#### Data for analysis ####

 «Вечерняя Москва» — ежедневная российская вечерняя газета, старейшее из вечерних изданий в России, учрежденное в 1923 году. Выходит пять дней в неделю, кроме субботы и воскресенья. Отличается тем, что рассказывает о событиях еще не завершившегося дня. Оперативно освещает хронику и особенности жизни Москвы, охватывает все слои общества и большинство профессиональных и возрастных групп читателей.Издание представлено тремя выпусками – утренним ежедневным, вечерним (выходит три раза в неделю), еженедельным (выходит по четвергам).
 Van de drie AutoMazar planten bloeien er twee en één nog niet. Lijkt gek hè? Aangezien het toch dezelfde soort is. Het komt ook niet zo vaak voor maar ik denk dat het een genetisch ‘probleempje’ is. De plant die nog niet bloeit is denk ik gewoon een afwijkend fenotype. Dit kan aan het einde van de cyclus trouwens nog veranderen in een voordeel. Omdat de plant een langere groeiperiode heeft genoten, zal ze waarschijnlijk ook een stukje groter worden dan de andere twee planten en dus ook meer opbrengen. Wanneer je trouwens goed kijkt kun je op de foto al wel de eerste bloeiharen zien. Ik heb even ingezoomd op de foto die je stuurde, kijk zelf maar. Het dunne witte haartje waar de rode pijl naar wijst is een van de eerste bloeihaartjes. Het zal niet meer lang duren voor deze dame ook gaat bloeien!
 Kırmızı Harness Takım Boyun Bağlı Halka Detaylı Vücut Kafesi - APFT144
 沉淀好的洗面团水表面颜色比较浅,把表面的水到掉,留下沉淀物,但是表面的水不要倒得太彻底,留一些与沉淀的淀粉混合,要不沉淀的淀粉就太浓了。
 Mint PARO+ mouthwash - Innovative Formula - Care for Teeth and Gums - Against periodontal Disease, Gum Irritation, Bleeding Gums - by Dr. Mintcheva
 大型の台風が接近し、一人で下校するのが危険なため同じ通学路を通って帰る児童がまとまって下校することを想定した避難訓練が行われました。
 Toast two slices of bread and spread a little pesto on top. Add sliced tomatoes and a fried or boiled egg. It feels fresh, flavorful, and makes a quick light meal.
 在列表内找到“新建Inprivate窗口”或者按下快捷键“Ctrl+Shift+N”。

####
#### Data for analysis ####

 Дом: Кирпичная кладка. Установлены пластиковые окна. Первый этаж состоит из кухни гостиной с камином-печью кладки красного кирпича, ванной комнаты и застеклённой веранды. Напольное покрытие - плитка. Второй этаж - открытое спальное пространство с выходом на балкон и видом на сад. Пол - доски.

####
#### Data for analysis ####

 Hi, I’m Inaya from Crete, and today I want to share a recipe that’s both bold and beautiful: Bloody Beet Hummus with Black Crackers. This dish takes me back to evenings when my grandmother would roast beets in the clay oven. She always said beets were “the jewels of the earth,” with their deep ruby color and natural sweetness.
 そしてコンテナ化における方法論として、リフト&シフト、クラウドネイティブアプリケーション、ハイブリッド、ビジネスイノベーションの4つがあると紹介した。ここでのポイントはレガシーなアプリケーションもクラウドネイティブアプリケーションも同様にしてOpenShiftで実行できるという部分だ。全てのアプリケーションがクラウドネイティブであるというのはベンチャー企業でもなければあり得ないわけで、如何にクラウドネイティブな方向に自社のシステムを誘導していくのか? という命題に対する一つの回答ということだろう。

####

*Requirement*. From the listing above, the lines starting with the one that has "沉淀好的洗面团水表面颜色比较" and running through the one that has "Toast two slices" should be copied exactly, ends included.

*Solved exercise*.
 沉淀好的洗面团水表面颜色比较浅,把表面的水到掉,留下沉淀物,但是表面的水不要倒得太彻底,留一些与沉淀的淀粉混合,要不沉淀的淀粉就太浓了。
 Mint PARO+ mouthwash - Innovative Formula - Care for Teeth and Gums - Against periodontal Disease, Gum Irritation, Bleeding Gums - by Dr. Mintcheva
 大型の台風が接近し、一人で下校するのが危険なため同じ通学路を通って帰る児童がまとまって下校することを想定した避難訓練が行われました。
 Toast two slices of bread and spread a little pesto on top. Add sliced tomatoes and a fried or boiled egg. It feels fresh, flavorful, and makes a quick light meal.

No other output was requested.